## Data for this task:
· · · ·
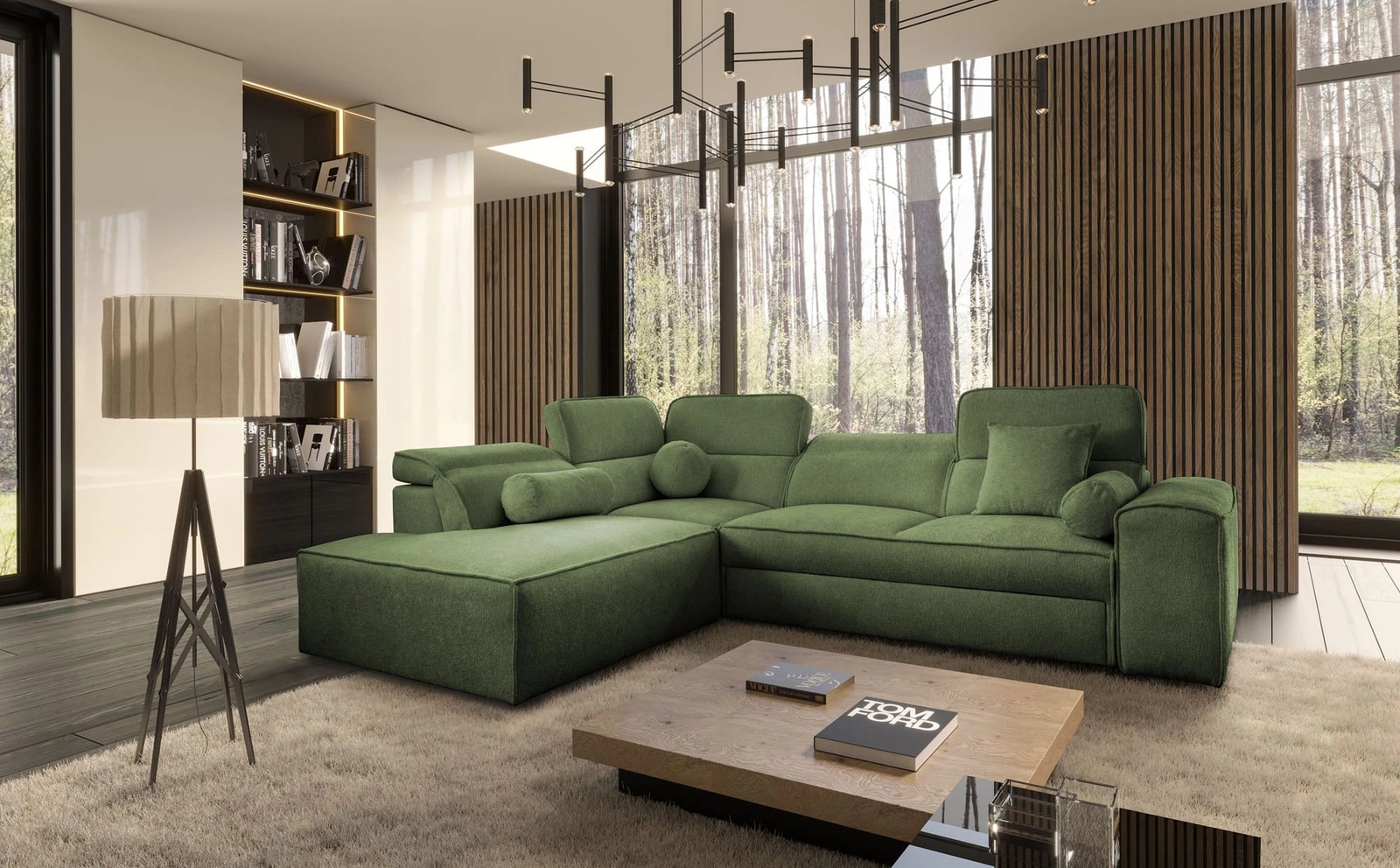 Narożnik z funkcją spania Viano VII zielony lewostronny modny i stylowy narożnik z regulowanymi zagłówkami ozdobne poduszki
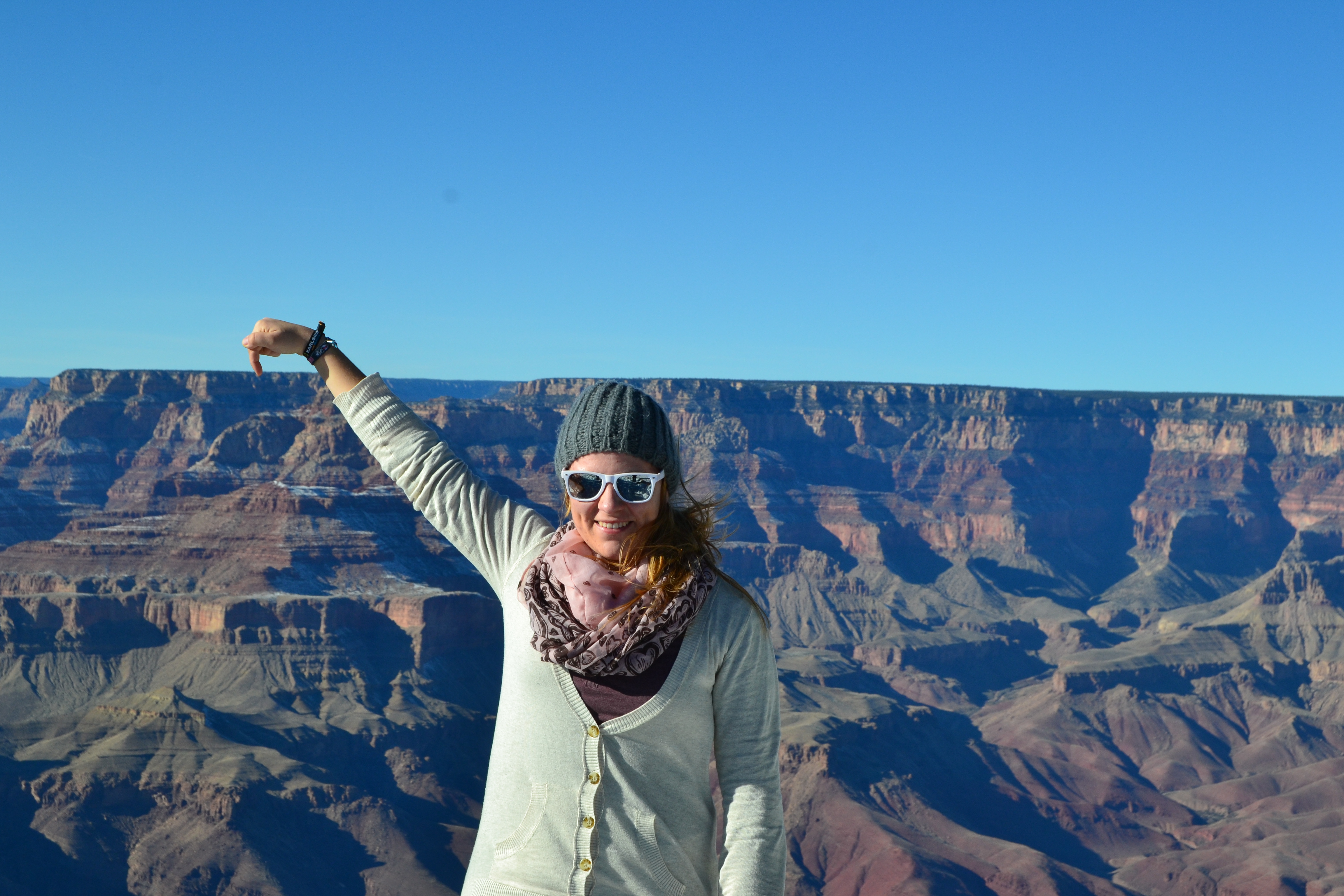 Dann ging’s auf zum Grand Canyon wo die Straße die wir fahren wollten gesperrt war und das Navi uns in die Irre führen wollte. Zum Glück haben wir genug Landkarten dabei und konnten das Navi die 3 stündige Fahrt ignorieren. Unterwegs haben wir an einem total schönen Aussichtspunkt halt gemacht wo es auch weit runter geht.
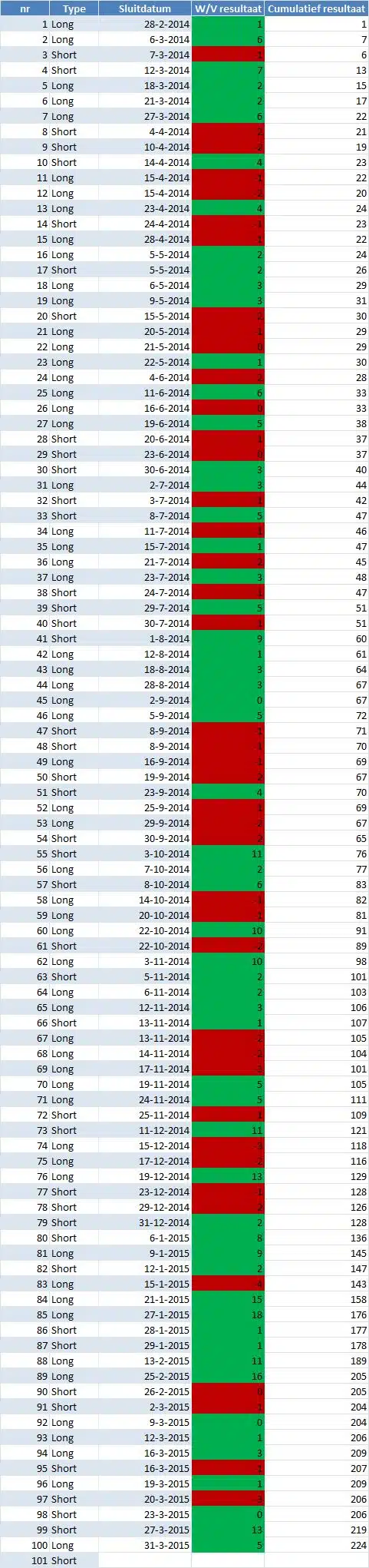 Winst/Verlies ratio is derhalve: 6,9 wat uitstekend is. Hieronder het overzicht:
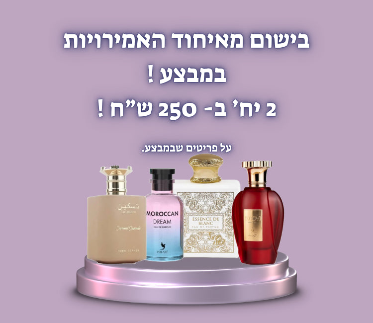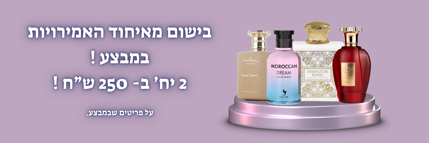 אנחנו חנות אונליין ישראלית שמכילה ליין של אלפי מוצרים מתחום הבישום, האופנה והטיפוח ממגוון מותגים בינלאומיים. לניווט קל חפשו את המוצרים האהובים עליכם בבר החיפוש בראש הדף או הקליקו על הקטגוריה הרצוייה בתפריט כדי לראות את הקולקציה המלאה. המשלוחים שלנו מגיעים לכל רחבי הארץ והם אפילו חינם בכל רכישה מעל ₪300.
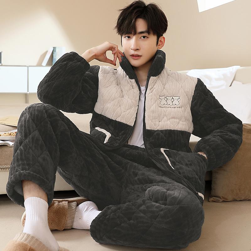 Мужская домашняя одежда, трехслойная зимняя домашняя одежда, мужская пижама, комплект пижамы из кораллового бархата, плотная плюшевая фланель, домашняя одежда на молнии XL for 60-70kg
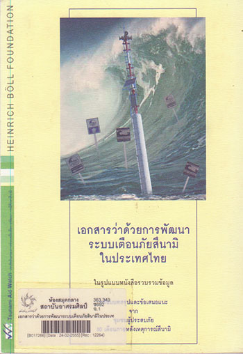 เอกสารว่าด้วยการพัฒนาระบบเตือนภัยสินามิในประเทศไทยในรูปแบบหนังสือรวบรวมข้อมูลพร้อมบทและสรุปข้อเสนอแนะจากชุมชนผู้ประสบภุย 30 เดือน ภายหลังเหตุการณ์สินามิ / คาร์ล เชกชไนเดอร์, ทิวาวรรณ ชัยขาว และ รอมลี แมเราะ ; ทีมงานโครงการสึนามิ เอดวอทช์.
· · · ·
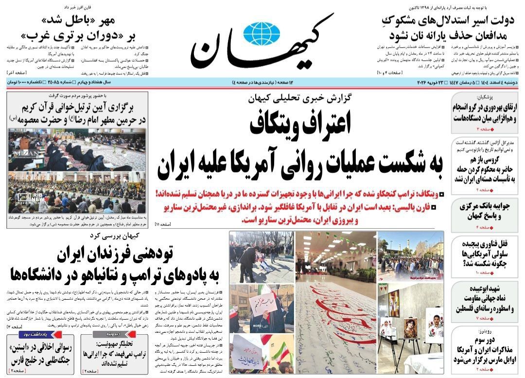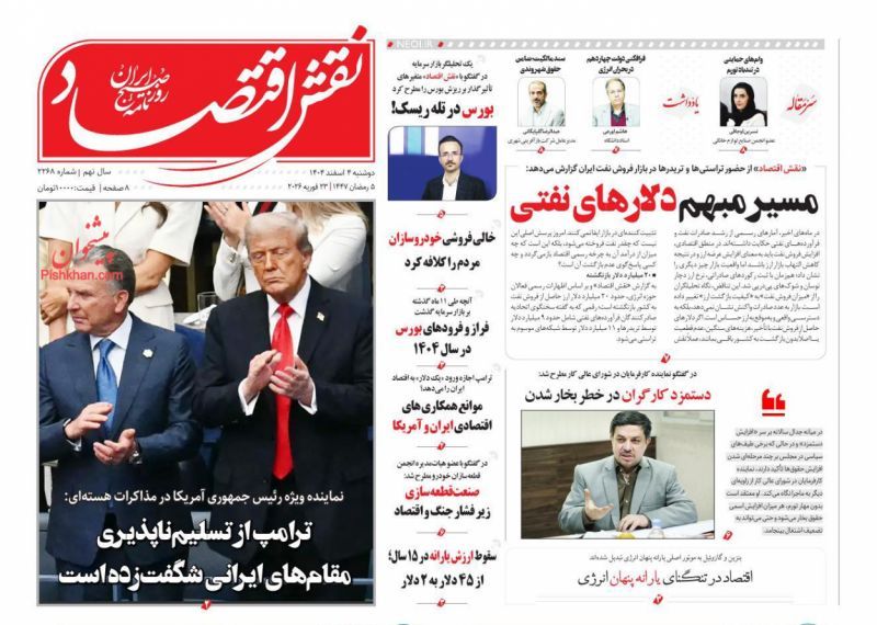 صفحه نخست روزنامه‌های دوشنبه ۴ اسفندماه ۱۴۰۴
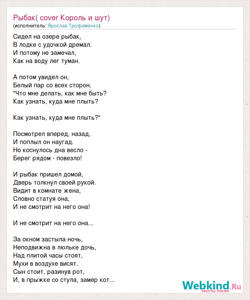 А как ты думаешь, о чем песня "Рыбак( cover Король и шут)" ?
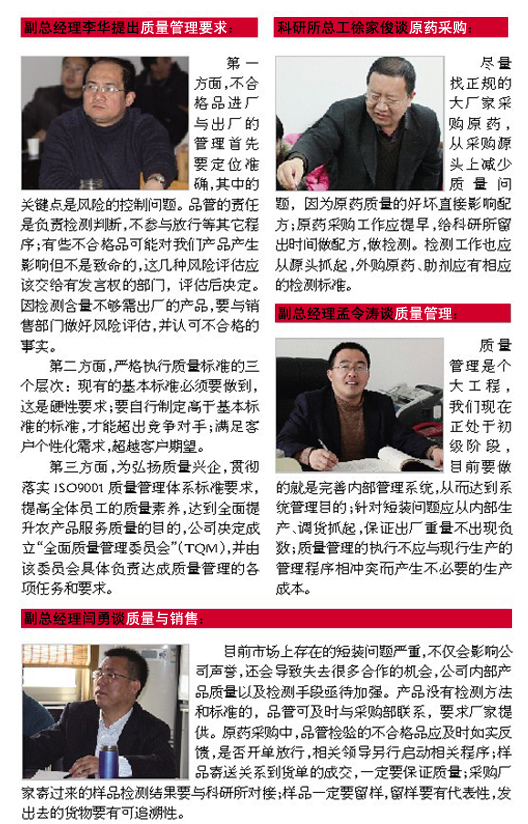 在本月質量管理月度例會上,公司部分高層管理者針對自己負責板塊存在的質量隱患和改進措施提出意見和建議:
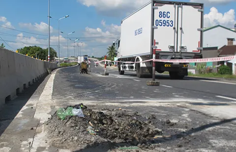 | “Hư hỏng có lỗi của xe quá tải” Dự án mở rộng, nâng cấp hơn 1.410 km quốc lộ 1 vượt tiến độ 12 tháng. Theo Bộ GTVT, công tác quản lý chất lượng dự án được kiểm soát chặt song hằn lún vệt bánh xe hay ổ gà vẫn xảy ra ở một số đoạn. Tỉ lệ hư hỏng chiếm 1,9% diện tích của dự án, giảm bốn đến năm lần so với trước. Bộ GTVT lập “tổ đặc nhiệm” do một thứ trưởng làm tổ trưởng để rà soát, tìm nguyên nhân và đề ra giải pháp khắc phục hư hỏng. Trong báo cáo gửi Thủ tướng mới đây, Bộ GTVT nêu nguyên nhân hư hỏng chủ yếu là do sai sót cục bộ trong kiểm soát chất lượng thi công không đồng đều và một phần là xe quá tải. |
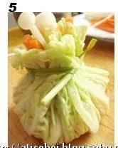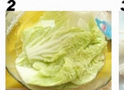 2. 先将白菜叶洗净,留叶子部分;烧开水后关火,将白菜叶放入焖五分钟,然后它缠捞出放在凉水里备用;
· · · ·
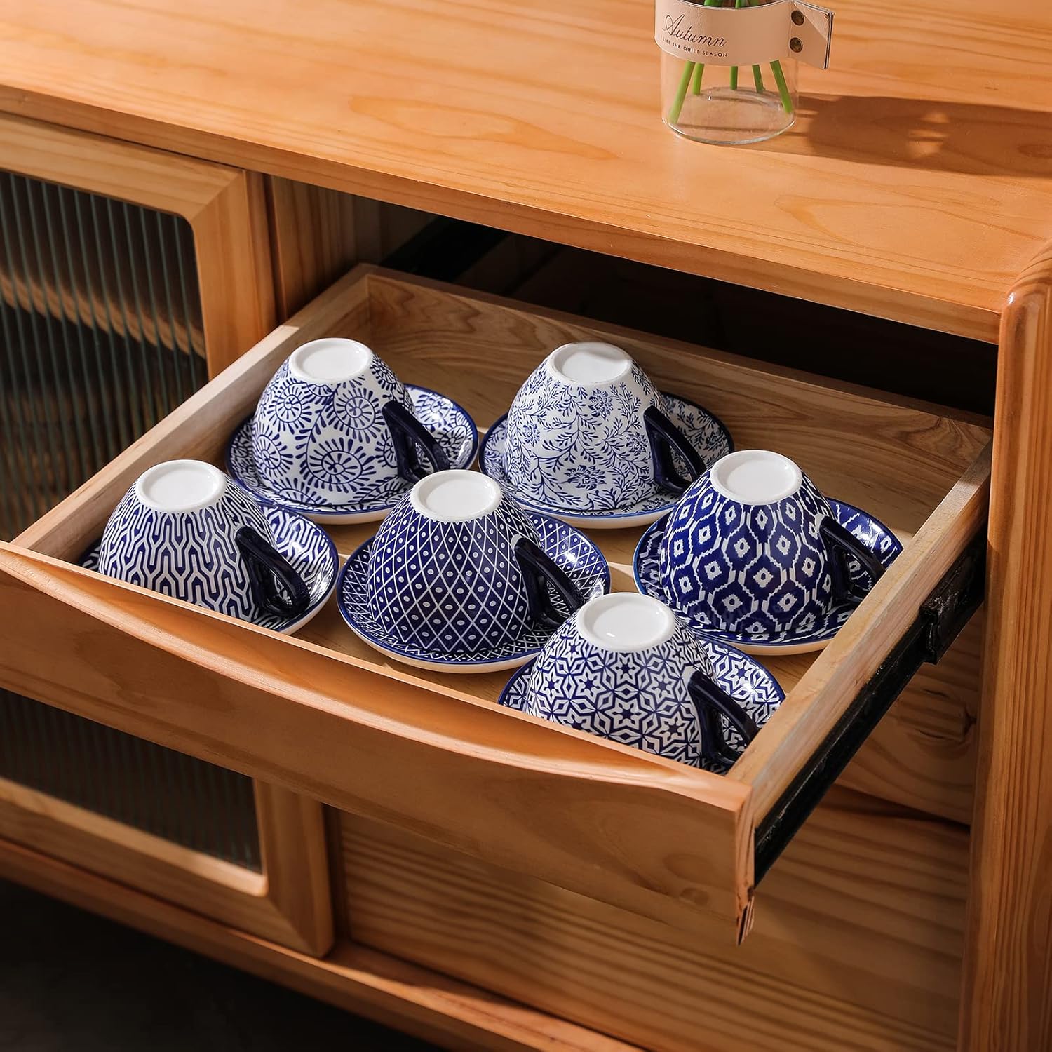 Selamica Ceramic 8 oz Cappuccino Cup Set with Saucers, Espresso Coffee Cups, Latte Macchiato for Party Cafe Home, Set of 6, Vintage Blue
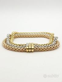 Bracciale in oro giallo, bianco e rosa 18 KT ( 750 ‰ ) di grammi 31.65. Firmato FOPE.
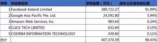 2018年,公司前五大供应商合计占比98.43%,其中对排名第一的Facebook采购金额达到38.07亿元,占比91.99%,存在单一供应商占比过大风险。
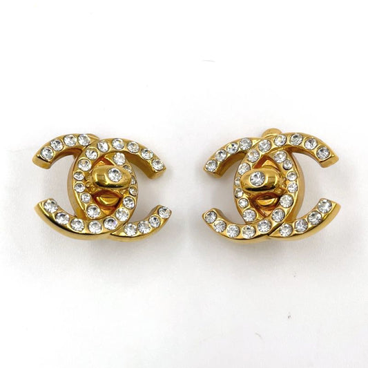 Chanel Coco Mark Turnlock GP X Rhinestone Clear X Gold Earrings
· · · ·
## Problem statement:
From the records above, copy exactly the stretch from the line holding "Narożnik z funkcją" through the line holding "แมเราะ ; ทีมงานโครงการสึนามิ เอดวอทช์.", both ends included, without the pictures.

## Written answer:
 Narożnik z funkcją spania Viano VII zielony lewostronny modny i stylowy narożnik z regulowanymi zagłówkami ozdobne poduszki
 Dann ging’s auf zum Grand Canyon wo die Straße die wir fahren wollten gesperrt war und das Navi uns in die Irre führen wollte. Zum Glück haben wir genug Landkarten dabei und konnten das Navi die 3 stündige Fahrt ignorieren. Unterwegs haben wir an einem total schönen Aussichtspunkt halt gemacht wo es auch weit runter geht.
 Winst/Verlies ratio is derhalve: 6,9 wat uitstekend is. Hieronder het overzicht:
 אנחנו חנות אונליין ישראלית שמכילה ליין של אלפי מוצרים מתחום הבישום, האופנה והטיפוח ממגוון מותגים בינלאומיים. לניווט קל חפשו את המוצרים האהובים עליכם בבר החיפוש בראש הדף או הקליקו על הקטגוריה הרצוייה בתפריט כדי לראות את הקולקציה המלאה. המשלוחים שלנו מגיעים לכל רחבי הארץ והם אפילו חינם בכל רכישה מעל ₪300.
 Мужская домашняя одежда, трехслойная зимняя домашняя одежда, мужская пижама, комплект пижамы из кораллового бархата, плотная плюшевая фланель, домашняя одежда на молнии XL for 60-70kg
 เอกสารว่าด้วยการพัฒนาระบบเตือนภัยสินามิในประเทศไทยในรูปแบบหนังสือรวบรวมข้อมูลพร้อมบทและสรุปข้อเสนอแนะจากชุมชนผู้ประสบภุย 30 เดือน ภายหลังเหตุการณ์สินามิ / คาร์ล เชกชไนเดอร์, ทิวาวรรณ ชัยขาว และ รอมลี แมเราะ ; ทีมงานโครงการสึนามิ เอดวอทช์.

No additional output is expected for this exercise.